The lens of the eye is a dynamic element, capable of changing the effective focal length of the eye through accommodation. In performing wavefront measurements, it is important to take this accommodative ability into account. Normally, the wavefront is measured with the lens as relaxed as possible, so that the eye is minimally refracting (most hyperopic). Relaxing the lens is typically achieved by adjusting the focus mechanism in the fixation pathway so that the fixation target appears to lie just beyond the patient's most hyperopic focal point. The fixation target in this instance will appear slightly out of focus to the patient. This process is known as “fogging”.
Prior to the present invention, wavefront sensors were typically only used to measure the refractive error of an eye when the eye was in its most relaxed or hyperopic state. The inventors have discovered that a wavefront sensor can be used to measure the range of accommodation of an eye, and to measure optical aberrations over the accommodative range. This capability may have diagnostic utility in characterizing age-related changes in performance of the crystalline lens and in interpreting certain visual symptoms.
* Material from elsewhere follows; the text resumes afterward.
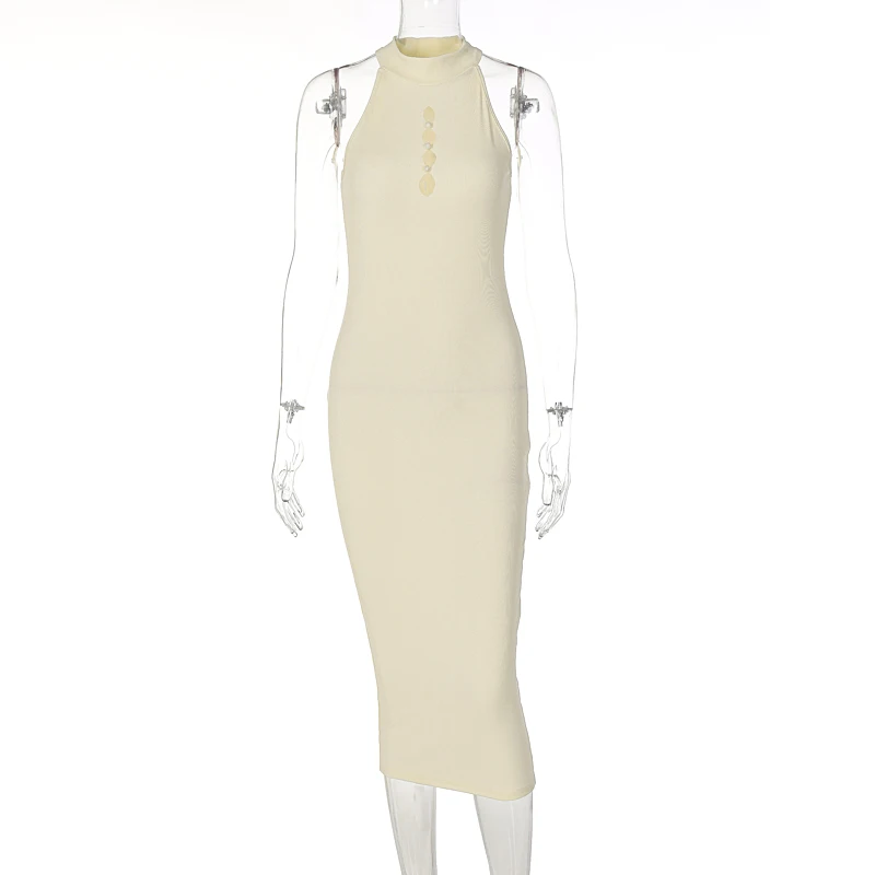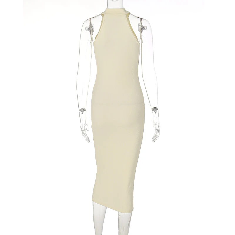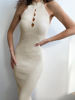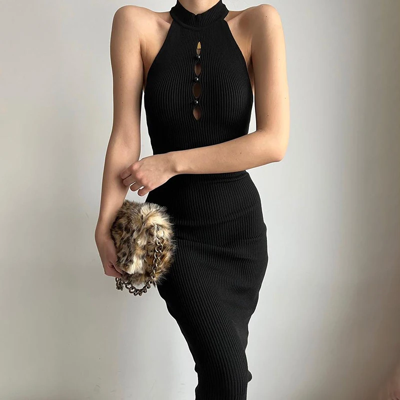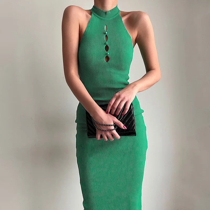victria’s vogue Solid Ribbed Halter Bodycon Sleeveless Skinny Maxi Prom Dress 2022 Sexy Slim Elegant Outfit Y2K Clothing Beach Wear

This capability may also allow for customization of the ablation pattern of the refractive laser to optimize the patient's vision at any accommodative state (i.e., at any desired focal point in front of the eye).
Accordingly, a need continues to exist for a method of determining the accommodative range of an eye.
BRIEF SUMMARY OF THE INVENTION
The present invention improves upon the prior art by providing an automated objective method for determining the accommodative range and aberration profile of an eye using a wavefront sensor that iteratively determines the change in accommodation of the lens of an eye.
Accordingly, one objective of the present invention is to provide an automated objective accommodative measurement method.
Another objective of the present invention is to provide an automated aberration profile measurement method.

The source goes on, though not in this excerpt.